● **YOUR GOAL**: Set down each line of the data exactly, but not the pictures.
BEGIN DATASET ENTRIES
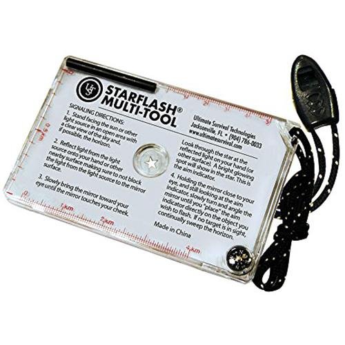 Studio : UST Brands Publisher : UST Brands Binding : Sports Product Description The starflash multi-tool combines UST's classic starflash mirror with other emergency essentials. This lightweight, virtually unbreakable signal mirror is capable of precision aiming, and now includes the following essentials: flint bar, inch ruler, lanyard with whistle, Liquid-filled Compass, and centimeter ruler. 0
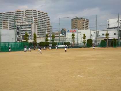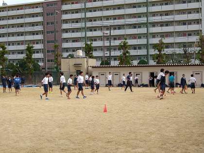 グラウンドでは、4つの部活動が場所を共有し活動をしています。がんばっています!
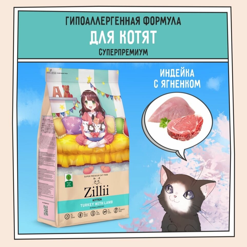Корм для котят сухой 2 кг, гипоаллергенный ZILLII (Зилли) Kitten, Индейка с Ягнёнком
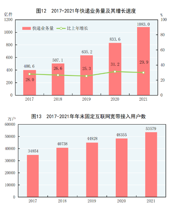 全年完成邮政行业业务总量[30]13698亿元,比上年增长25.1%。邮政业全年完成邮政函件业务10.9亿件,包裹业务0.2亿件,快递业务量1083.0亿件,快递业务收入10332亿元。全年完成电信业务总量[31]16960亿元,比上年增长27.8%。年末移动电话基站数[32]996万个,其中4G基站590万个,5G基站143万个。全国电话用户总数182353万户,其中移动电话用户164283万户。移动电话普及率为116.3部/百人。固定互联网宽带接入用户[33]53579万户,比上年末增加5224万户,其中固定互联网光纤宽带接入用户[34]50551万户,增加5136万户。蜂窝物联网终端用户[35]13.99亿户,增加2.64亿户。互联网上网人数10.32亿人,其中手机上网人数[36]10.29亿人。互联网普及率为73.0%,其中农村地区互联网普及率为57.6%。全年移动互联网用户接入流量2216亿GB,比上年增长33.9%。全年软件和信息技术服务业[37]完成软件业务收入94994亿元,按可比口径计算,比上年增长17.7%。
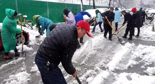 高新区组织纪检监察干部来到社区街道,铲除小区车库出口位置积雪。
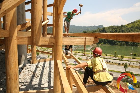 圖為郭太文三兄弟今年6月完成建造的湖南靖州縣坳上全木質鼓樓工程
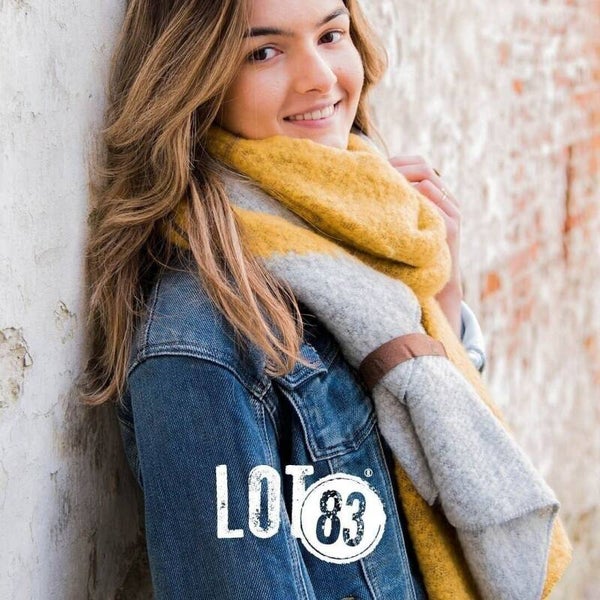 Ook op deze sjaal het leren detail, het kenmerk van LOT83.
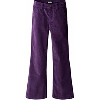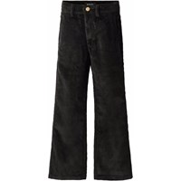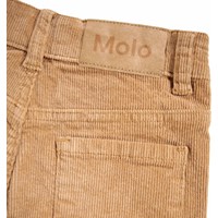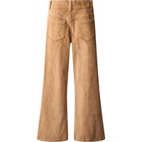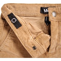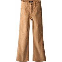 Light brown pants made of soft cotton velvet in a trumpet-shaped silhouette. The pants have front and back pockets. The waist has a button and zip closure as well as an internal adjustable elastic for a good fit.
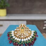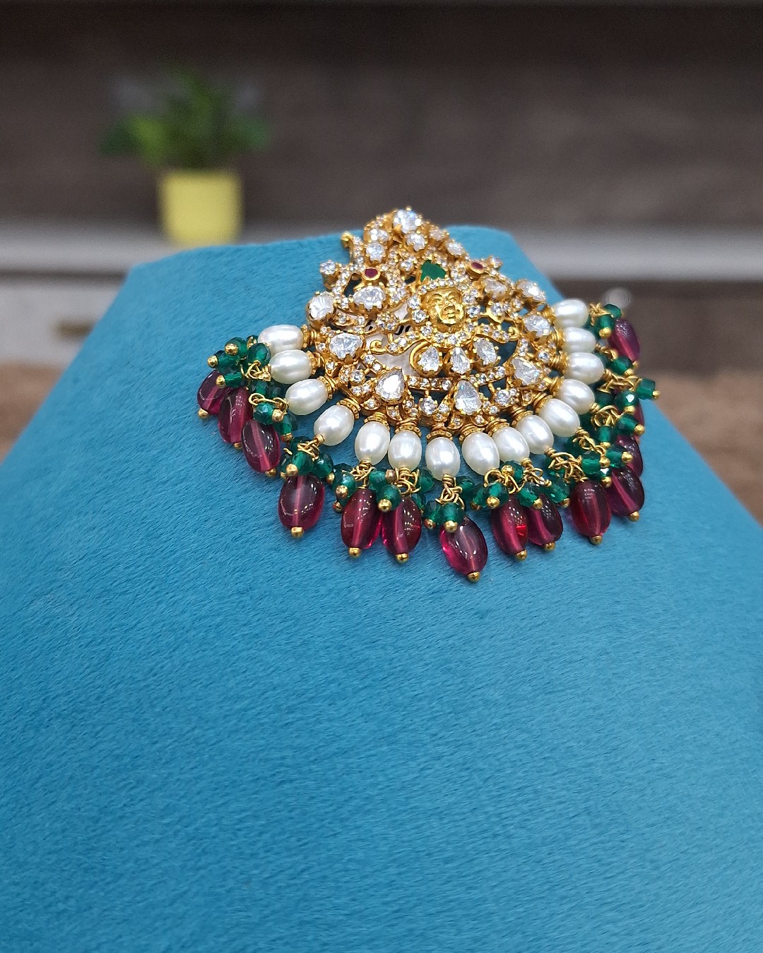 A grand temple-style pendant adorned with sparkling stones, pearls, green beads, and ruby drops, perfect for bridal and festive wear.
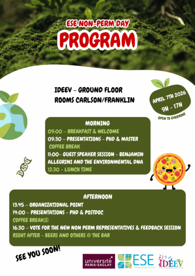 Mardi 7 avril aura lieu à l’IDEEV de 9h à 17h (en salles Franklin / Carlson) la journée annuelle des membres non-permanents de l’ESE.
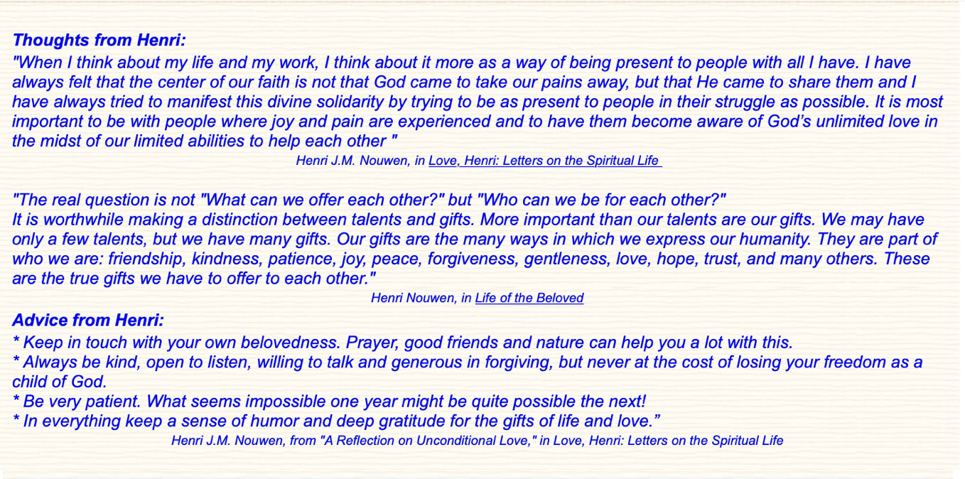 Examples of the earliest of these introductory Nouwen quotes have been archived chronologically (by e-Update) here.
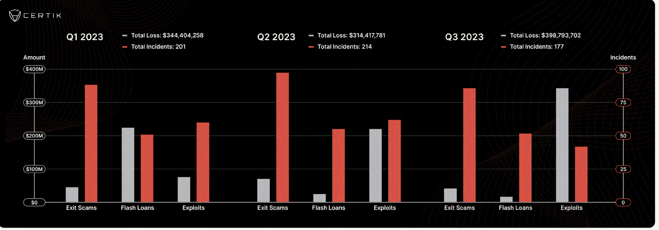 SponsoredPlus précisément, un récent rapport de Certik a révélé que les hackers ont réussi à dérober près de 700 millions de dollars aux protocoles de l’industrie des cryptos. Entre juillet et septembre, Certik a ainsi recensé pas moins de 184 incidents de sécurité, entraînant des pertes de l’ordre de 699 millions de dollars. Il s’agit là d’une considérable hausse par rapport aux deux premiers trimestres de l’année, où les pertes s’élevaient respectivement à 344 millions et 314 millions de dollars, marquant ainsi une augmentation de plus de 100 % des attaques dans le domaine des cryptomonnaies.
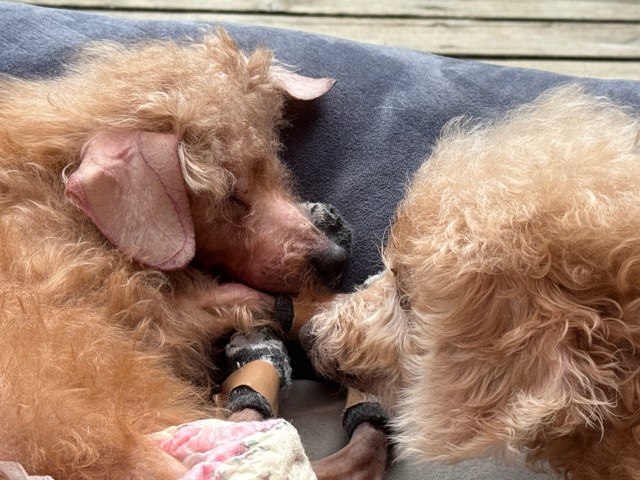 puppy dogs sitting and lying down 老犬ホームあん|総合ケアハウスの日常
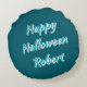 Citrouille turquoise Halloween Coussin - Custom Text & Colors, Double face ronde Célébrez Halloween avec style cosy et esprit inclusif en utilisant ce citrouille turquoise jetez un oreiller! Un côté est équipé d'un jack-o’lanterne turquoise souriant, tandis que l'inverse peut être customisé avec votre propre message d'Halloween, nom ou salutation. Que vous décoriez votre porche, votre canapé ou votre espace de fête, ce coussin rond souple ajoute une touche festive et sensible à l'allergie à votre espace. Customisez tout, du texte et de la police à la couleur et à l'image arrière - plans pour un accent saisonnier vraiment personnel. Un cadeau, une fête ou une déclaration décorative qui vous montrera une ambiance d’Halloween accueillante et sûre. Cette conception appuie la sensibilisation aux allergies alimentaires et le recours à des astuces ou à des traitements inclusifs, mais n'est affiliée à aucune organisation spécifique.
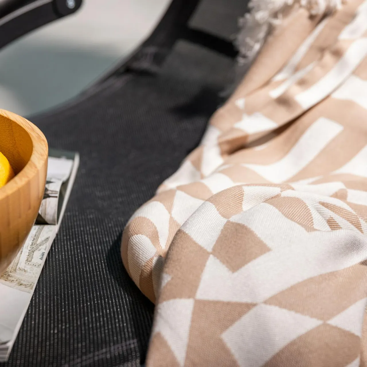 Pled z frędzlami MIRROR pomoże się zrelaksować i poczuć wakacyjny klimat.
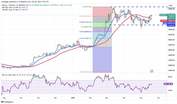 如果这种趋势持续下去,比特币可能会超出预期。目前,比特币交易价格在70000美元的几百美元范围内,20日均线为64371美元,RSI为正值,表明向上突破的可能性更大。克服68000美元的阻力位表明比特币价格有望升至73777美元,尽管该水平可能会引发强烈的看跌反应。
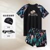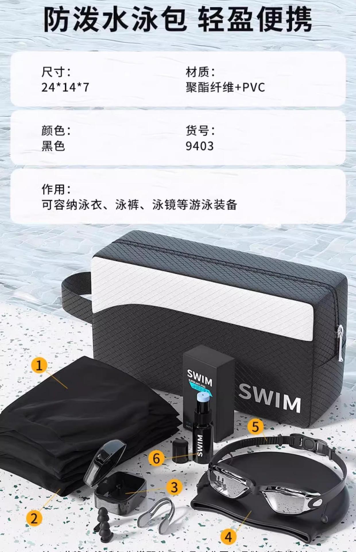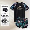Black coconut tree set + swimming cap + swimming goggles + swimming bag
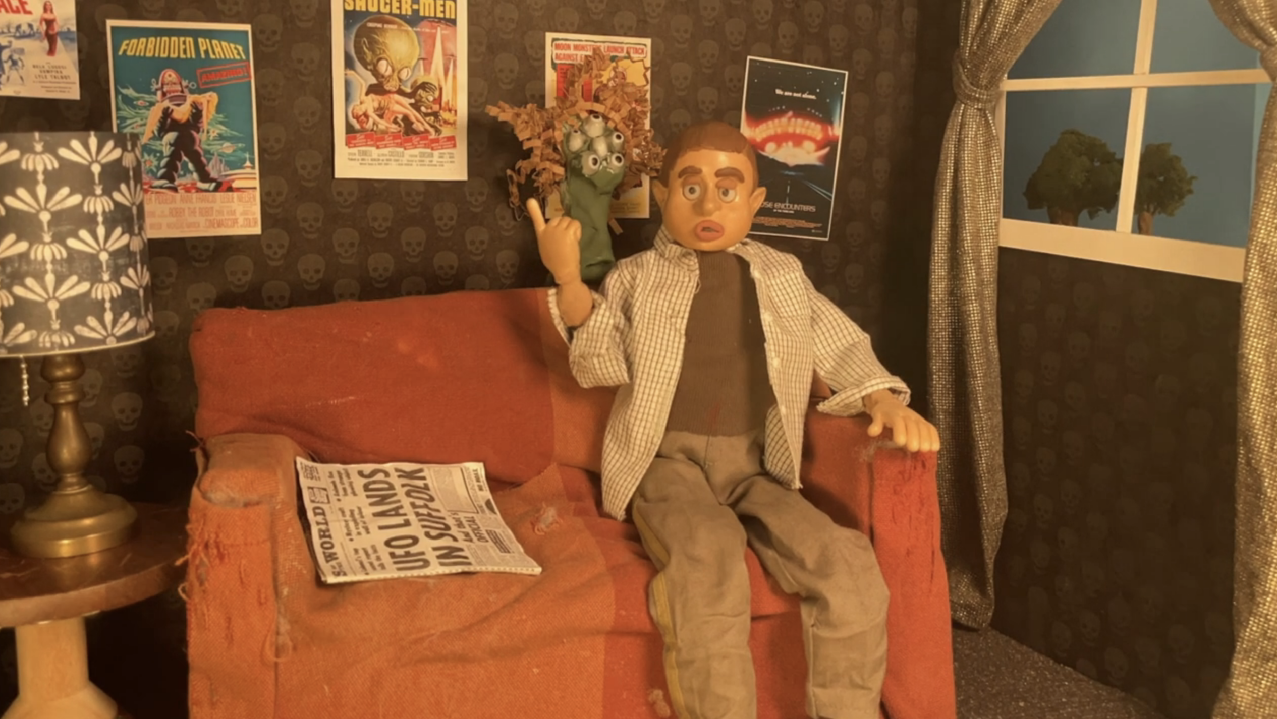 while this fella is expressing skepticism about aliens, a UFO lands outside his window and an alien sneaks in and freezes him mid-sentence
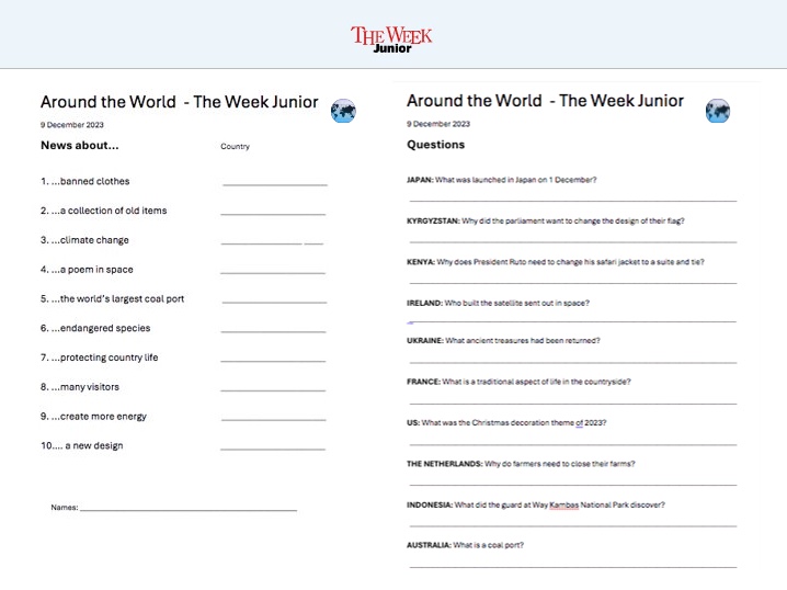 It’s time to read ”The Week Junior” – news from Around the World. Ten news each week from different countries. You will work in pairs and individually.
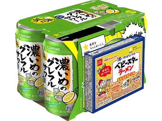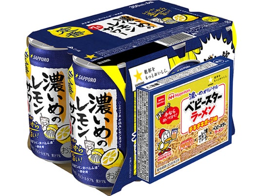 サッポロホールディングス(株)のグループ企業であるサッポロビール(株)は「サッポロ 濃いめ」ブランドのオリジナル景品付き企画商品を4月22日(火)に数量限定で発売します。「サッポロ 濃いめ」ブランドRTD(注1)6缶パックには、オリジナル チキチキボーン味ベビースター、RTS(注2)には、オリジナルマドラーを提供します。
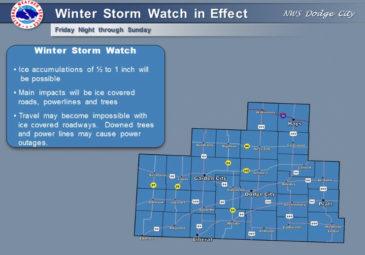 Significant ice accumulations possible this weekend. The potential exists for ice accumulations greater than ¾ of an inch. #kswx pic.twitter.com/xL5xqPJB51
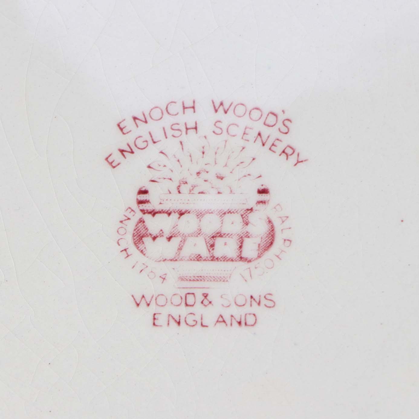 Frokosttallerken fra det engelske stel Rød Paris (Enoch wood's, English scenery)
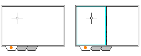 In the Model tab example below on the left, the current view is the entire drawing area. The example on the right displays two model space viewports, one of which is highlighted as the current viewport. You can click within a viewport to make it the current one, and you can then pan and zoom the view displayed in it.
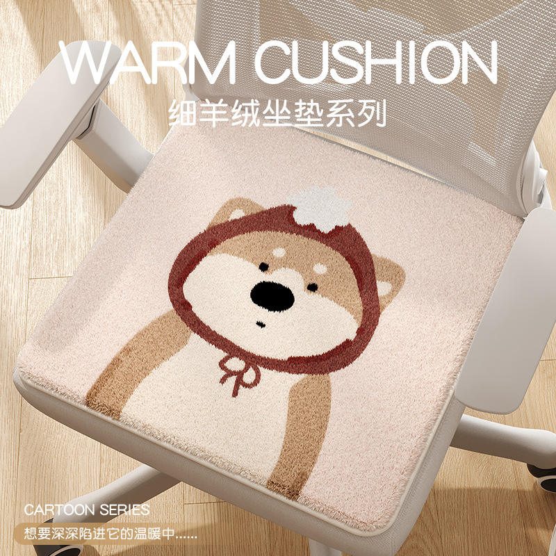 Cute Animal Seat Cushion Imitation Cashmere Non Slip Office Chair Pad For Living Room Bedroom Study
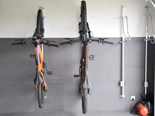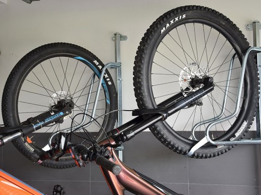 - wyposażenie wieszaka w "gniazda" na tylne koła zapobiegają brudzeniu ścian i stabilizują rower
END DATASET ENTRIES
● **TASK OUTPUT**:
 Studio : UST Brands Publisher : UST Brands Binding : Sports Product Description The starflash multi-tool combines UST's classic starflash mirror with other emergency essentials. This lightweight, virtually unbreakable signal mirror is capable of precision aiming, and now includes the following essentials: flint bar, inch ruler, lanyard with whistle, Liquid-filled Compass, and centimeter ruler. 0
 グラウンドでは、4つの部活動が場所を共有し活動をしています。がんばっています!
Корм для котят сухой 2 кг, гипоаллергенный ZILLII (Зилли) Kitten, Индейка с Ягнёнком
 全年完成邮政行业业务总量[30]13698亿元,比上年增长25.1%。邮政业全年完成邮政函件业务10.9亿件,包裹业务0.2亿件,快递业务量1083.0亿件,快递业务收入10332亿元。全年完成电信业务总量[31]16960亿元,比上年增长27.8%。年末移动电话基站数[32]996万个,其中4G基站590万个,5G基站143万个。全国电话用户总数182353万户,其中移动电话用户164283万户。移动电话普及率为116.3部/百人。固定互联网宽带接入用户[33]53579万户,比上年末增加5224万户,其中固定互联网光纤宽带接入用户[34]50551万户,增加5136万户。蜂窝物联网终端用户[35]13.99亿户,增加2.64亿户。互联网上网人数10.32亿人,其中手机上网人数[36]10.29亿人。互联网普及率为73.0%,其中农村地区互联网普及率为57.6%。全年移动互联网用户接入流量2216亿GB,比上年增长33.9%。全年软件和信息技术服务业[37]完成软件业务收入94994亿元,按可比口径计算,比上年增长17.7%。
 高新区组织纪检监察干部来到社区街道,铲除小区车库出口位置积雪。
 圖為郭太文三兄弟今年6月完成建造的湖南靖州縣坳上全木質鼓樓工程
 Ook op deze sjaal het leren detail, het kenmerk van LOT83.
 Light brown pants made of soft cotton velvet in a trumpet-shaped silhouette. The pants have front and back pockets. The waist has a button and zip closure as well as an internal adjustable elastic for a good fit.
 A grand temple-style pendant adorned with sparkling stones, pearls, green beads, and ruby drops, perfect for bridal and festive wear.
 Mardi 7 avril aura lieu à l’IDEEV de 9h à 17h (en salles Franklin / Carlson) la journée annuelle des membres non-permanents de l’ESE.
 Examples of the earliest of these introductory Nouwen quotes have been archived chronologically (by e-Update) here.
 SponsoredPlus précisément, un récent rapport de Certik a révélé que les hackers ont réussi à dérober près de 700 millions de dollars aux protocoles de l’industrie des cryptos. Entre juillet et septembre, Certik a ainsi recensé pas moins de 184 incidents de sécurité, entraînant des pertes de l’ordre de 699 millions de dollars. Il s’agit là d’une considérable hausse par rapport aux deux premiers trimestres de l’année, où les pertes s’élevaient respectivement à 344 millions et 314 millions de dollars, marquant ainsi une augmentation de plus de 100 % des attaques dans le domaine des cryptomonnaies.
 puppy dogs sitting and lying down 老犬ホームあん|総合ケアハウスの日常
 Citrouille turquoise Halloween Coussin - Custom Text & Colors, Double face ronde Célébrez Halloween avec style cosy et esprit inclusif en utilisant ce citrouille turquoise jetez un oreiller! Un côté est équipé d'un jack-o’lanterne turquoise souriant, tandis que l'inverse peut être customisé avec votre propre message d'Halloween, nom ou salutation. Que vous décoriez votre porche, votre canapé ou votre espace de fête, ce coussin rond souple ajoute une touche festive et sensible à l'allergie à votre espace. Customisez tout, du texte et de la police à la couleur et à l'image arrière - plans pour un accent saisonnier vraiment personnel. Un cadeau, une fête ou une déclaration décorative qui vous montrera une ambiance d’Halloween accueillante et sûre. Cette conception appuie la sensibilisation aux allergies alimentaires et le recours à des astuces ou à des traitements inclusifs, mais n'est affiliée à aucune organisation spécifique.
 Pled z frędzlami MIRROR pomoże się zrelaksować i poczuć wakacyjny klimat.
 如果这种趋势持续下去,比特币可能会超出预期。目前,比特币交易价格在70000美元的几百美元范围内,20日均线为64371美元,RSI为正值,表明向上突破的可能性更大。克服68000美元的阻力位表明比特币价格有望升至73777美元,尽管该水平可能会引发强烈的看跌反应。
Black coconut tree set + swimming cap + swimming goggles + swimming bag
 while this fella is expressing skepticism about aliens, a UFO lands outside his window and an alien sneaks in and freezes him mid-sentence
 It’s time to read ”The Week Junior” – news from Around the World. Ten news each week from different countries. You will work in pairs and individually.
 サッポロホールディングス(株)のグループ企業であるサッポロビール(株)は「サッポロ 濃いめ」ブランドのオリジナル景品付き企画商品を4月22日(火)に数量限定で発売します。「サッポロ 濃いめ」ブランドRTD(注1)6缶パックには、オリジナル チキチキボーン味ベビースター、RTS(注2)には、オリジナルマドラーを提供します。
 Significant ice accumulations possible this weekend. The potential exists for ice accumulations greater than ¾ of an inch. #kswx pic.twitter.com/xL5xqPJB51
 Frokosttallerken fra det engelske stel Rød Paris (Enoch wood's, English scenery)
 In the Model tab example below on the left, the current view is the entire drawing area. The example on the right displays two model space viewports, one of which is highlighted as the current viewport. You can click within a viewport to make it the current one, and you can then pan and zoom the view displayed in it.
 Cute Animal Seat Cushion Imitation Cashmere Non Slip Office Chair Pad For Living Room Bedroom Study
 - wyposażenie wieszaka w "gniazda" na tylne koła zapobiegają brudzeniu ścian i stabilizują rower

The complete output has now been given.